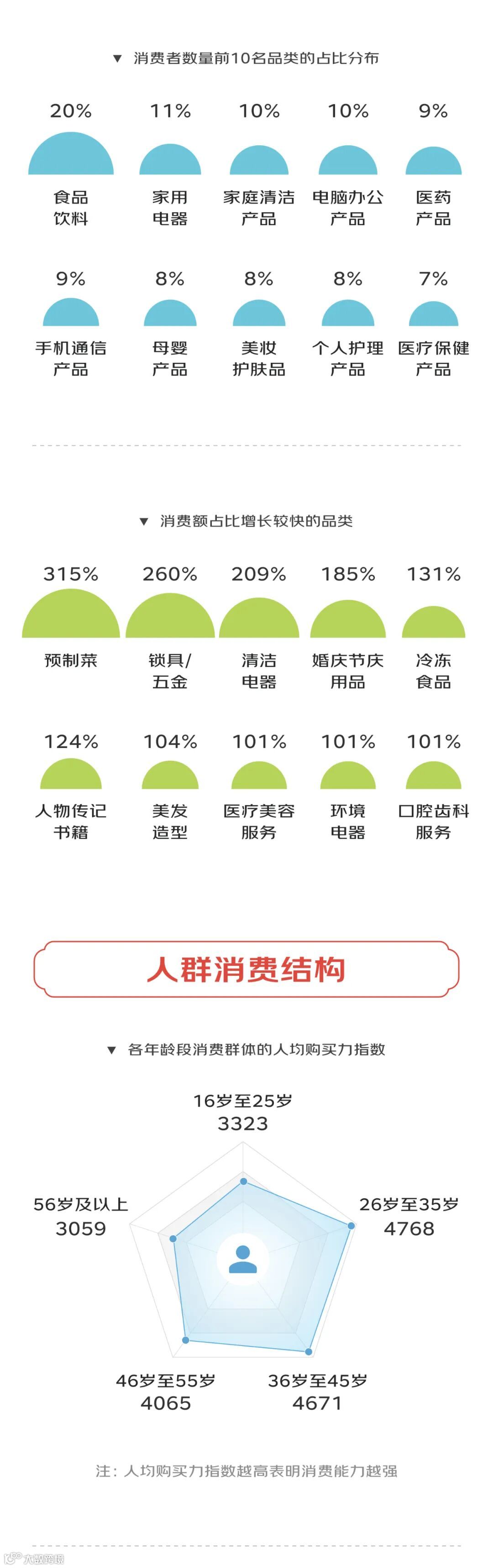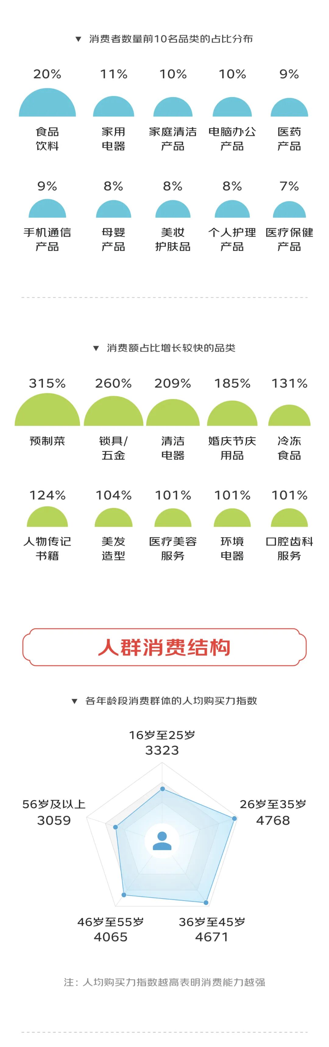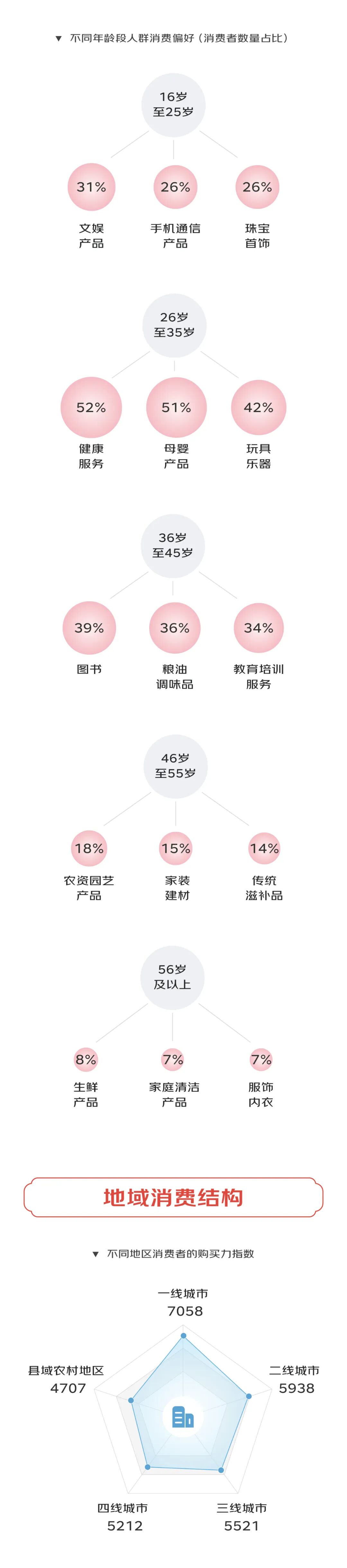 从各年龄段的人均购买力指数来看,“80后”“90后”依然是线上消费的主力。不同年龄段群体呈现出不同消费偏好,16岁至25岁的消费群体青睐悦己型消费,购买了更多文娱、首饰类产品;26岁至45岁的消费者更注重健康消费和家庭消费,偏爱购买健康服务、母婴产品和粮油调味产品等;46岁及以上的消费者更会享受生活,传统滋补品、服饰内衣等产品的消费占比较高。
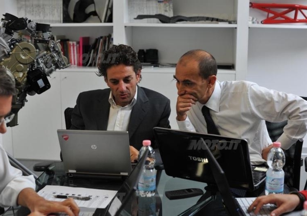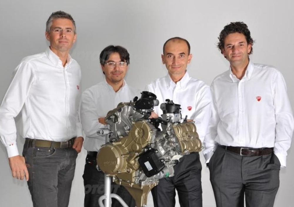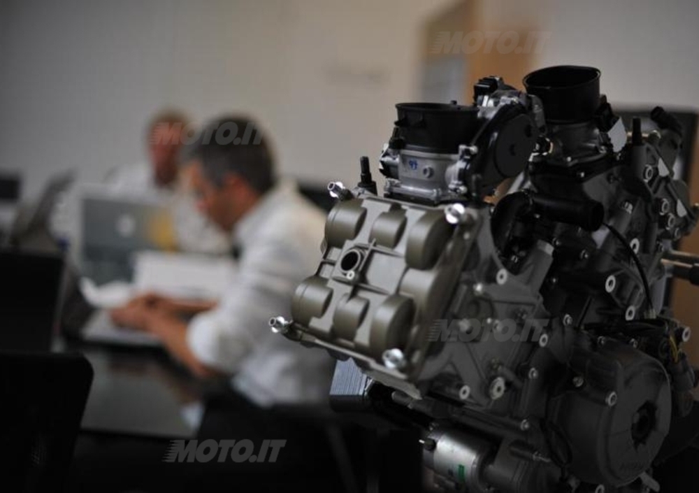Esaminandone le caratteristiche spicca immediatamente l’adozione di un alesaggio record (112 mm!), che viene abbinato a una corsa di 60,8 mm, sensibilmente inferiore a quella dell’attuale 1198 (67,9 mm). E’ chiaro che le nuove misure consentono di raggiungere velocità di rotazione più elevate, a parità di sollecitazioni meccaniche, e al tempo stesso di fare respirare meglio il motore grazie alle valvole di maggiori dimensioni. Ora quelle di aspirazione hanno un diametro di 46,8 mm alla aspirazione (contro i 43,5 mm di quelle del 1198 Evoluzione) e quelle di scarico di 38,3 mm (contro 34,5). Si tratta di misure che, unitamente al diametro equivalente dei corpi farfallati (67,5 mm, contro i 63,9 del 1198), parlano da sole.
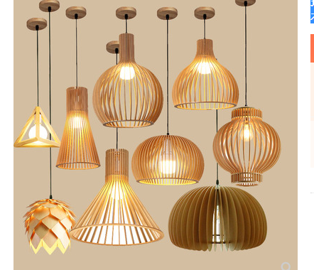 现代中式餐厅客厅实木吊灯创意木艺南瓜灯名宿餐饮木质鸟笼艺术灯
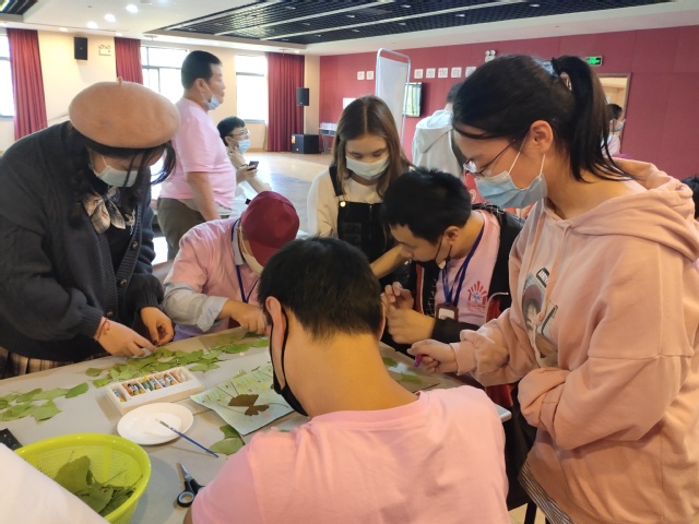 此次志愿者服务围绕阳光之家训练营开展,志愿者被分为2组,分别为来自浦东新区和杨浦区的智障人士提供服务。第一组志愿者在训练营的手工服务室,一对一协助学员进行树叶艺术画创作和乒乓球练习。第二组志愿者在手语学习班,以小组为单位,与学员共同学习歌曲《我和我的祖国》手语表达,并为学员纠正手语姿势。
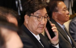 권성동 국민의힘 의원이 11일 서울 여의도 국회에서 열린 의원총회에서 전화 통화를 하고 있다. 이날 본회의에서는 권 의원에 대한 체포동의안이 상정될 것으로 전망된다. 연합뉴스 국민의힘이 11일 불법 정치자금 수수 혐의로 구속영장이 청구된 권성동 국민의힘 의원에 대…
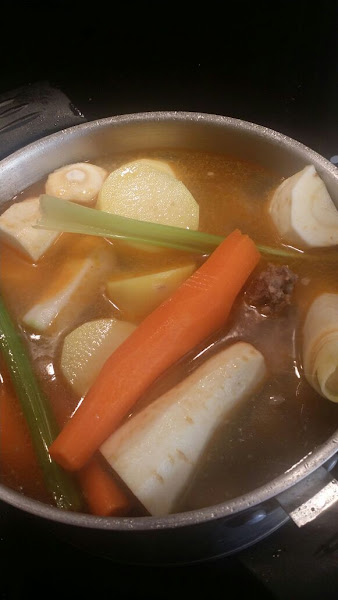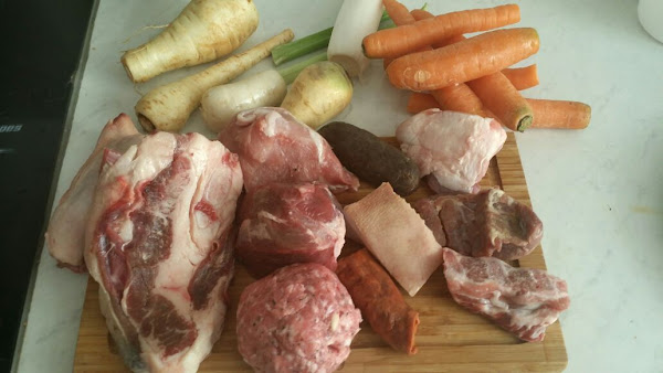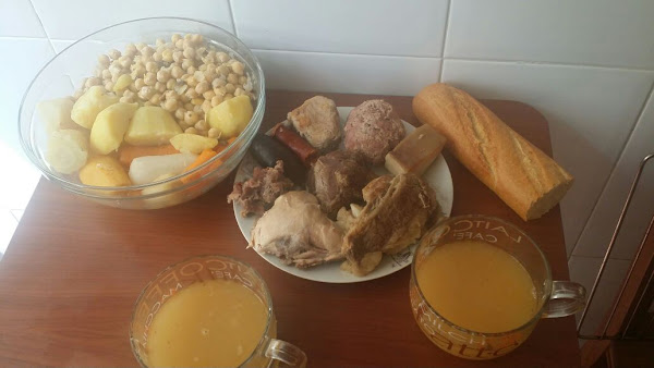 Ponemos un caldero (también conocido como olla) alt@ con un poco de aceite, en este doramos la carne (con esto hacemos que la carne se selle y no pierda su jugosidad). Añadimos los huesos y los embutidos ( morcilla y chorizo); cubrimos todo esto con agua hasta superarlos dos dedos por encima de la carne y demás. Dejamos hervir a fuego bajo durante una hora. Mientras retiramos la espuma que va apareciendo por arriba (hacemos esto para retira las impurezas de la carne, también la grasa).

*-*-*

Without changing a word, restate the listing above; the pictures stay out.

 从各年龄段的人均购买力指数来看,“80后”“90后”依然是线上消费的主力。不同年龄段群体呈现出不同消费偏好,16岁至25岁的消费群体青睐悦己型消费,购买了更多文娱、首饰类产品;26岁至45岁的消费者更注重健康消费和家庭消费,偏爱购买健康服务、母婴产品和粮油调味产品等;46岁及以上的消费者更会享受生活,传统滋补品、服饰内衣等产品的消费占比较高。
Esaminandone le caratteristiche spicca immediatamente l’adozione di un alesaggio record (112 mm!), che viene abbinato a una corsa di 60,8 mm, sensibilmente inferiore a quella dell’attuale 1198 (67,9 mm). E’ chiaro che le nuove misure consentono di raggiungere velocità di rotazione più elevate, a parità di sollecitazioni meccaniche, e al tempo stesso di fare respirare meglio il motore grazie alle valvole di maggiori dimensioni. Ora quelle di aspirazione hanno un diametro di 46,8 mm alla aspirazione (contro i 43,5 mm di quelle del 1198 Evoluzione) e quelle di scarico di 38,3 mm (contro 34,5). Si tratta di misure che, unitamente al diametro equivalente dei corpi farfallati (67,5 mm, contro i 63,9 del 1198), parlano da sole.
 现代中式餐厅客厅实木吊灯创意木艺南瓜灯名宿餐饮木质鸟笼艺术灯
 此次志愿者服务围绕阳光之家训练营开展,志愿者被分为2组,分别为来自浦东新区和杨浦区的智障人士提供服务。第一组志愿者在训练营的手工服务室,一对一协助学员进行树叶艺术画创作和乒乓球练习。第二组志愿者在手语学习班,以小组为单位,与学员共同学习歌曲《我和我的祖国》手语表达,并为学员纠正手语姿势。
 권성동 국민의힘 의원이 11일 서울 여의도 국회에서 열린 의원총회에서 전화 통화를 하고 있다. 이날 본회의에서는 권 의원에 대한 체포동의안이 상정될 것으로 전망된다. 연합뉴스 국민의힘이 11일 불법 정치자금 수수 혐의로 구속영장이 청구된 권성동 국민의힘 의원에 대…
 Ponemos un caldero (también conocido como olla) alt@ con un poco de aceite, en este doramos la carne (con esto hacemos que la carne se selle y no pierda su jugosidad). Añadimos los huesos y los embutidos ( morcilla y chorizo); cubrimos todo esto con agua hasta superarlos dos dedos por encima de la carne y demás. Dejamos hervir a fuego bajo durante una hora. Mientras retiramos la espuma que va apareciendo por arriba (hacemos esto para retira las impurezas de la carne, también la grasa).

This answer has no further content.